The significant differences among the four modes were concentrated P3 and P4. (1) In P3, both he scoring rate and effectiveness for the FF and FM modes were significantly higher than those for the MM mode. A key commonality between the FF and FM modes in P3 is that the striking player is male (Player A or X), with both modes achieving the highest scoring rate (approximately 0.30), In contrast, in the MM mode, the striking player is female (Player B or Y), resulting in the lowest scoring rate (0.203). These findings further confirm that the scoring advantage of male players is significantly greater than that of female players in P3. (2) In P4, the significantly higher losing rate for the FM mode compared to the MM mode may be attributed to the FM mode’s highest scoring rate in the preceding stroke (P3). A scoring advantage in one shot often creates a tactical disadvantage in the subsequent shot. It is noteworthy that while the scoring rates for both the FF and FM modes were significantly higher than that of the MM mode, a significant difference in losing rate was observed only between the FM and MM modes. This is primarily because the player executing the fourth shot in the FF mode is the male (Player X or A), whereas in the FM mode, it is the female (Player Y or B). Evidently, when confronting an advantage stroke delivered by an opposing male player in the third shot, male player demonstrate better performance in the subsequent fourth shot compared to female player.

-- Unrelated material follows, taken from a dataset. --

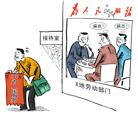 曾在無錫新區某公司工作的周力向當地勞動保障監察大隊實名舉報,要求公司補償加班費。但勞保監察隊負責人稱,從勞動的相關法律法規來看,想要從勞動部門解決此事,已經很難。為此,周力給勞動部門送上一幅“不為人民服務”的錦旗。(現關報道見今日本報8版)

In summary, male player has an absolute technical advantage in modes where they execute the third shot (FF and FM) in mixed doubles. To counteract this, a feasible tactical response for the opposing team is to position their male player to strike the fourth shot.. Consequently, a pre-match strategic arrangement, which may be termed a “female-first” strategy, can be formulated as follows: during service rounds, the female player serves first to ensure the male partner strikes the third shot; during receiving rounds, regardless of the server’s identity, the female player receives first to enable the male partner to strike the fourth shot.